# Collecting weather data from an API

## About the data
In this notebook, we will be collecting daily weather data from the [National Centers for Environmental Information (NCEI) API](https://www.ncdc.noaa.gov/cdo-web/webservices/v2). We will use the Global Historical Climatology Network - Daily (GHCND) data set; see the documentation [here](https://www1.ncdc.noaa.gov/pub/data/cdo/documentation/GHCND_documentation.pdf).

*Note: The NCEI is part of the National Oceanic and Atmospheric Administration (NOAA) and, as you can see from the URL for the API, this resource was created when the NCEI was called the NCDC. Should the URL for this resource change in the future, you can search for the NCEI weather API to find the updated one.*

## Using the NCEI API
Paste your token below.

In [6]:
import requests

def make_request(endpoint, payload=None):
    """
    Make a request to a specific endpoint on the weather API
    passing headers and optional payload.
    
    Parameters:
        - endpoint: The endpoint of the API you want to 
                    make a GET request to.
        - payload: A dictionary of data to pass along 
                   with the request.
    
    Returns:
        Response object.
    """
    return requests.get(
        f'https://www.ncdc.noaa.gov/cdo-web/api/v2/{endpoint}',
        headers={
            'token': 'jyJkyAhgZxfZTifXwMPichXZAgoZTcrv'
        },
        params=payload
    )

## Collect All Data Points for 2018 In NYC (Various Stations)
We can make a loop to query for all the data points one day at a time. Here we create a list of all the results:

In [7]:
import datetime

from IPython import display # for updating the cell dynamically

current = datetime.date(2019, 1, 1)
end = datetime.date(2019, 10, 31)

results = []

while current < end:
    # update the cell with status information
    display.clear_output(wait=True)
    display.display(f'Gathering data for {str(current)}')
    
    response = make_request(
        'data', 
        {
            'datasetid' : 'GHCND', # Global Historical Climatology Network - Daily (GHCND) dataset
            'locationid' : 'CITY:US360019', # NYC
            'startdate' : current,
            'enddate' : current,
            'units' : 'metric',
            'limit' : 1000 # max allowed
        }
    )

    if response.ok:
        # we extend the list instead of appending to avoid getting a nested list
        results.extend(response.json()['results'])

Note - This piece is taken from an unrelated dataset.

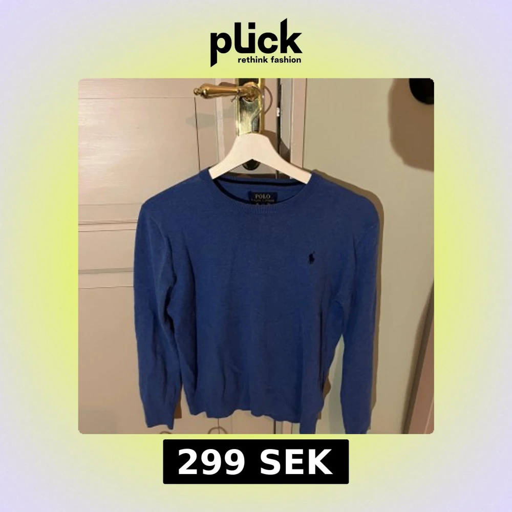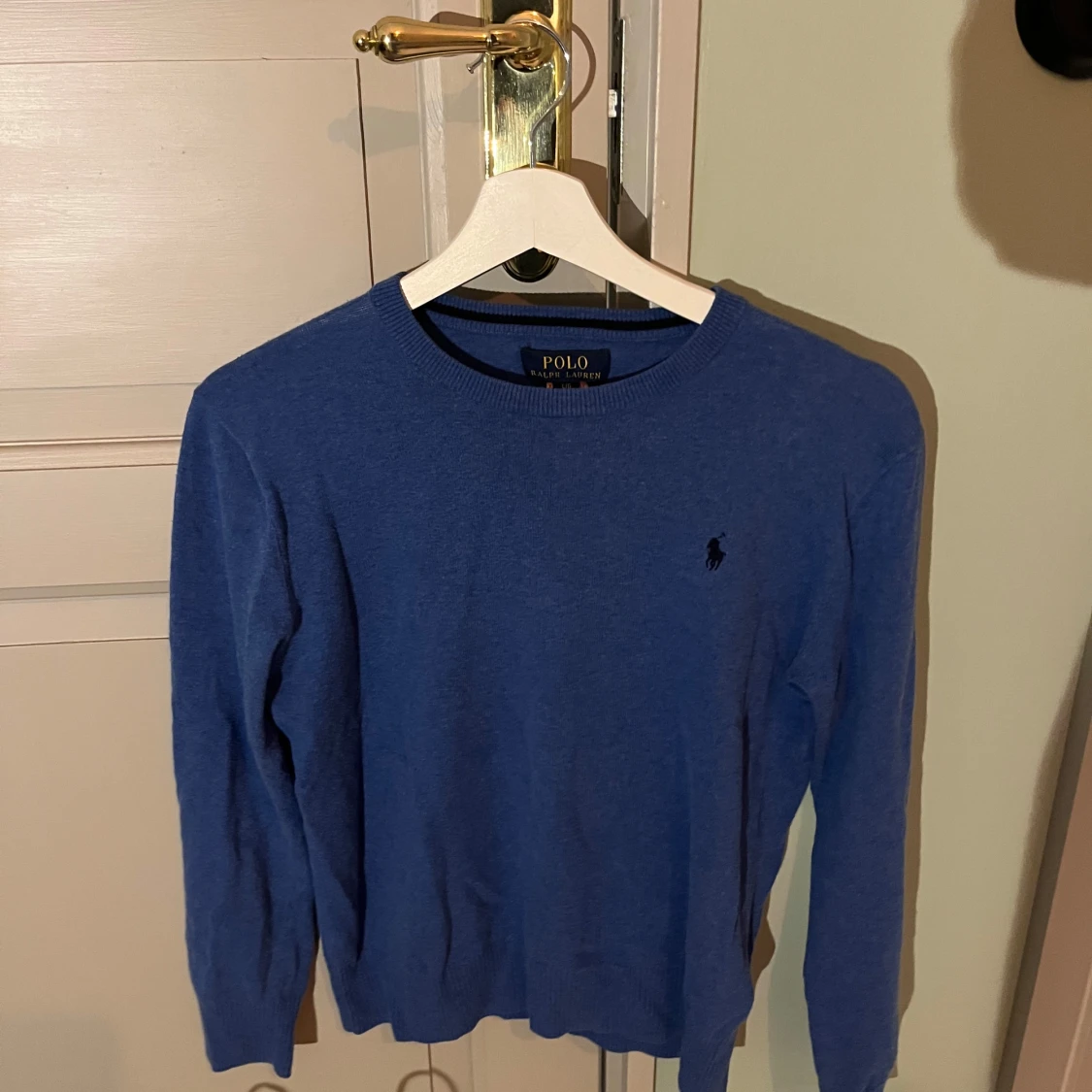 Säljer en klassisk blå tröja från Polo Ralph Lauren med rund halsringning och diskret broderad logga på bröstet. Tröjan har lång ärm och är perfekt för en stilren vardagslook. (Sitter litet i storleken)

    # update the current date to avoid an infinite loop
    current += datetime.timedelta(days=1)

'Gathering data for 2019-10-30'

Now, we can create a dataframe with all this data. Notice there are multiple stations with values for each datatype on a given day. We don't know what the stations are, but we can look them up and add them to the data:

In [13]:
import pandas as pd

df = pd.DataFrame(results)
df.count()

attributes    70122
datatype      70122
date          70122
station       70122
value         70122
dtype: int64

Save this data to a file:

In [9]:
df.to_csv('data/nyc_weather_2019_MAREK.csv', index=False)

and write it to the database:

In [11]:
import sqlite3

with sqlite3.connect('data/weather.db') as connection:
    df.to_sql(
        'weather_2019', connection, index=False, if_exists='replace'
    )

For learning about merging dataframes, we will also get the data mapping station IDs to information about the station:

In [12]:
import pandas as pd
import sqlite3
response = make_request(
    'stations', 
    {
        'datasetid' : 'GHCND', # Global Historical Climatology Network - Daily (GHCND) dataset
        'locationid' : 'CITY:US360019', # NYC
        'limit' : 1000 # max allowed
    }
)

stations = pd.DataFrame(response.json()['results'])[['id', 'name', 'latitude', 'longitude', 'elevation']]
stations.to_csv('data/weather_stations.csv', index=False)

with sqlite3.connect('data/weather.db') as connection:
    stations.to_sql(
        'stations_marek', connection, index=False, if_exists='replace'
    )